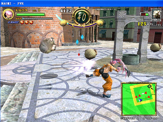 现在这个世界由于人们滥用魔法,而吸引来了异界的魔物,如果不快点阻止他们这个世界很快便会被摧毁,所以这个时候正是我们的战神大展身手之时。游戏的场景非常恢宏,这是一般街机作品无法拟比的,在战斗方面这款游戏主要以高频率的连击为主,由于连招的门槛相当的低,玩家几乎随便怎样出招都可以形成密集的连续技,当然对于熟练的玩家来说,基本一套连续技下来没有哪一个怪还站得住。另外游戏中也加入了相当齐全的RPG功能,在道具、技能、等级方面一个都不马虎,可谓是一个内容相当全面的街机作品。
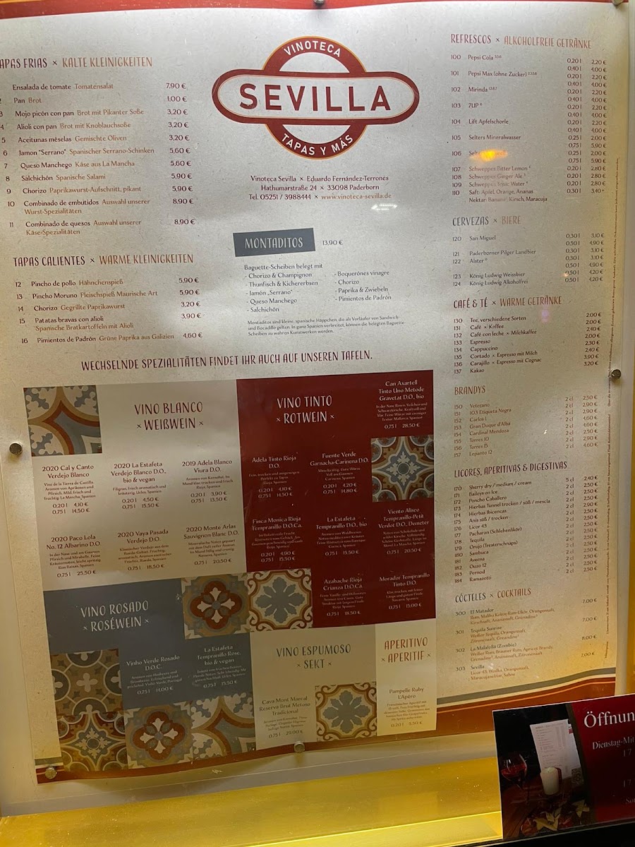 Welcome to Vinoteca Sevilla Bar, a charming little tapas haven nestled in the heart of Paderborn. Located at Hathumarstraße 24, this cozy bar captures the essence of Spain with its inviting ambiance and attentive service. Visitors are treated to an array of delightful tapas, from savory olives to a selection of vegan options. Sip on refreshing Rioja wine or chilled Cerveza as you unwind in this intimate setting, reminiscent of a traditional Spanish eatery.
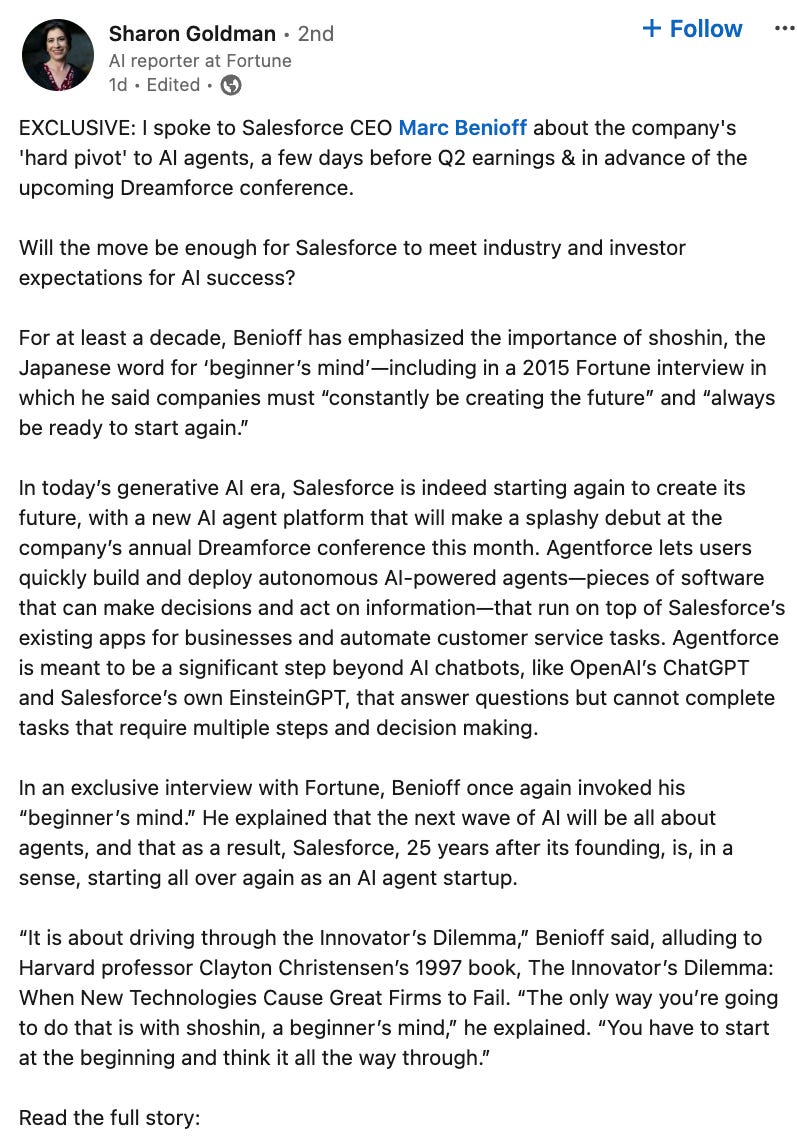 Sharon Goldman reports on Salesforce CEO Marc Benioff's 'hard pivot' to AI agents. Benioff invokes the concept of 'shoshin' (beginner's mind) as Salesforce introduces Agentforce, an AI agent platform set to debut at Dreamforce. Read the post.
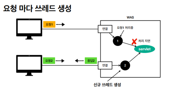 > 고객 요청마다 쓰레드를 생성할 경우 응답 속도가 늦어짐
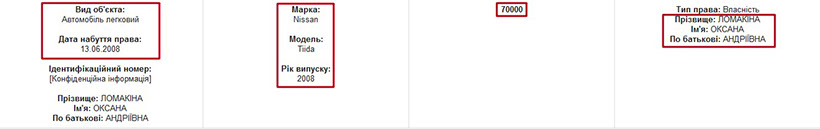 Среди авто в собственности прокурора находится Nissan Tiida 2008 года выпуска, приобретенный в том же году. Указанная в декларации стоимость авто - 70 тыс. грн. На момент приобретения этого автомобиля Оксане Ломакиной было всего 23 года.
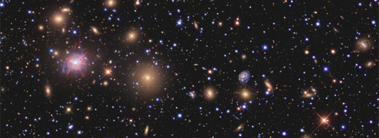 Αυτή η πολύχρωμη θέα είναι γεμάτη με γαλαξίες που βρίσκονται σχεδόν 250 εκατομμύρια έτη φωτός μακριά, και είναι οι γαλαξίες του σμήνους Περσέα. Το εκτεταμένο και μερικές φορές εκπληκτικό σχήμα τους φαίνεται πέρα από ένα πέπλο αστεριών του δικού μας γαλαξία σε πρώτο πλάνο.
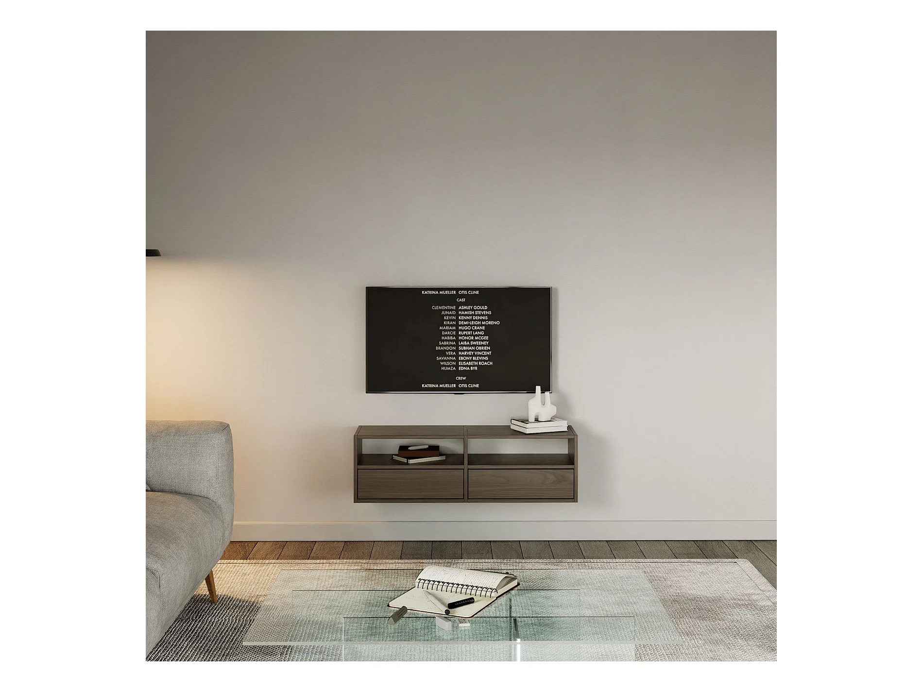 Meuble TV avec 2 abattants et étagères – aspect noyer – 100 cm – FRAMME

Task to carry out: All of the entries need to be copied exactly, minus any pictures.

Your solution:
 现在这个世界由于人们滥用魔法,而吸引来了异界的魔物,如果不快点阻止他们这个世界很快便会被摧毁,所以这个时候正是我们的战神大展身手之时。游戏的场景非常恢宏,这是一般街机作品无法拟比的,在战斗方面这款游戏主要以高频率的连击为主,由于连招的门槛相当的低,玩家几乎随便怎样出招都可以形成密集的连续技,当然对于熟练的玩家来说,基本一套连续技下来没有哪一个怪还站得住。另外游戏中也加入了相当齐全的RPG功能,在道具、技能、等级方面一个都不马虎,可谓是一个内容相当全面的街机作品。
 Welcome to Vinoteca Sevilla Bar, a charming little tapas haven nestled in the heart of Paderborn. Located at Hathumarstraße 24, this cozy bar captures the essence of Spain with its inviting ambiance and attentive service. Visitors are treated to an array of delightful tapas, from savory olives to a selection of vegan options. Sip on refreshing Rioja wine or chilled Cerveza as you unwind in this intimate setting, reminiscent of a traditional Spanish eatery.
 Sharon Goldman reports on Salesforce CEO Marc Benioff's 'hard pivot' to AI agents. Benioff invokes the concept of 'shoshin' (beginner's mind) as Salesforce introduces Agentforce, an AI agent platform set to debut at Dreamforce. Read the post.
 > 고객 요청마다 쓰레드를 생성할 경우 응답 속도가 늦어짐
 Среди авто в собственности прокурора находится Nissan Tiida 2008 года выпуска, приобретенный в том же году. Указанная в декларации стоимость авто - 70 тыс. грн. На момент приобретения этого автомобиля Оксане Ломакиной было всего 23 года.
 Αυτή η πολύχρωμη θέα είναι γεμάτη με γαλαξίες που βρίσκονται σχεδόν 250 εκατομμύρια έτη φωτός μακριά, και είναι οι γαλαξίες του σμήνους Περσέα. Το εκτεταμένο και μερικές φορές εκπληκτικό σχήμα τους φαίνεται πέρα από ένα πέπλο αστεριών του δικού μας γαλαξία σε πρώτο πλάνο.
 Meuble TV avec 2 abattants et étagères – aspect noyer – 100 cm – FRAMME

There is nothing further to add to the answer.